Stored data
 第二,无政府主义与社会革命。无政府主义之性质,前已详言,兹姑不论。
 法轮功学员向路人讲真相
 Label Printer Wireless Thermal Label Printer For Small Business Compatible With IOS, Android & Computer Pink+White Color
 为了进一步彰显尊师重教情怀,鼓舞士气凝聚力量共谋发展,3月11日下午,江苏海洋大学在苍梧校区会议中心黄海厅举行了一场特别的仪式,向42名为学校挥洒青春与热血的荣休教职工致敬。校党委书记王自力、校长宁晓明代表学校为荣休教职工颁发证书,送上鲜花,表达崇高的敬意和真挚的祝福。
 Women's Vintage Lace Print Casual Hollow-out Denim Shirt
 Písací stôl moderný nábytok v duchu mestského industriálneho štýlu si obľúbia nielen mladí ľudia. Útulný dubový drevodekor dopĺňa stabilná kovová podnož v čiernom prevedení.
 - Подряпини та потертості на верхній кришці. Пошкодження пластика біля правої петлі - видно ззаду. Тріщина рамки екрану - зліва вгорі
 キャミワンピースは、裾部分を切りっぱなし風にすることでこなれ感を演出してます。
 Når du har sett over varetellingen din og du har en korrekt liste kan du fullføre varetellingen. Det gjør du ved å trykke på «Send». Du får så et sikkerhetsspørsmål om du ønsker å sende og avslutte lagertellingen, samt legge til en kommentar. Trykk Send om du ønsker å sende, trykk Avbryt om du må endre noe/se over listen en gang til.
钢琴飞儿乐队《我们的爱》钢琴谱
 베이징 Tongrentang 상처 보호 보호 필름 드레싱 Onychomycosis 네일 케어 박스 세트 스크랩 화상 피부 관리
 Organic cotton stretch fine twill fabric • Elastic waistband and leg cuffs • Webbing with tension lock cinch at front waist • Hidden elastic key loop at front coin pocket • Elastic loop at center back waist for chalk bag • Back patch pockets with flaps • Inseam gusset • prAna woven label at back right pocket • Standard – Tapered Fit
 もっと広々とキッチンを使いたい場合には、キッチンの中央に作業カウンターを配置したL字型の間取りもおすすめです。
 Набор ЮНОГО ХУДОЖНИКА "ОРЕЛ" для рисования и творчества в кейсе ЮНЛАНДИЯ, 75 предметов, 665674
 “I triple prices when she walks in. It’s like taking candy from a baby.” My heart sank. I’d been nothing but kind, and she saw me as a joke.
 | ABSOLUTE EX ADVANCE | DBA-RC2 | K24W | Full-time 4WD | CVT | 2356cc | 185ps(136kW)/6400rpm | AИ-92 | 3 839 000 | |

**Work order:** Set down exactly the lines that begin with the one containing "베이징 Tongrentang 상처" and end with the last line above, and no others.

**Response:**
 베이징 Tongrentang 상처 보호 보호 필름 드레싱 Onychomycosis 네일 케어 박스 세트 스크랩 화상 피부 관리
 Organic cotton stretch fine twill fabric • Elastic waistband and leg cuffs • Webbing with tension lock cinch at front waist • Hidden elastic key loop at front coin pocket • Elastic loop at center back waist for chalk bag • Back patch pockets with flaps • Inseam gusset • prAna woven label at back right pocket • Standard – Tapered Fit
 もっと広々とキッチンを使いたい場合には、キッチンの中央に作業カウンターを配置したL字型の間取りもおすすめです。
 Набор ЮНОГО ХУДОЖНИКА "ОРЕЛ" для рисования и творчества в кейсе ЮНЛАНДИЯ, 75 предметов, 665674
 “I triple prices when she walks in. It’s like taking candy from a baby.” My heart sank. I’d been nothing but kind, and she saw me as a joke.
 | ABSOLUTE EX ADVANCE | DBA-RC2 | K24W | Full-time 4WD | CVT | 2356cc | 185ps(136kW)/6400rpm | AИ-92 | 3 839 000 | |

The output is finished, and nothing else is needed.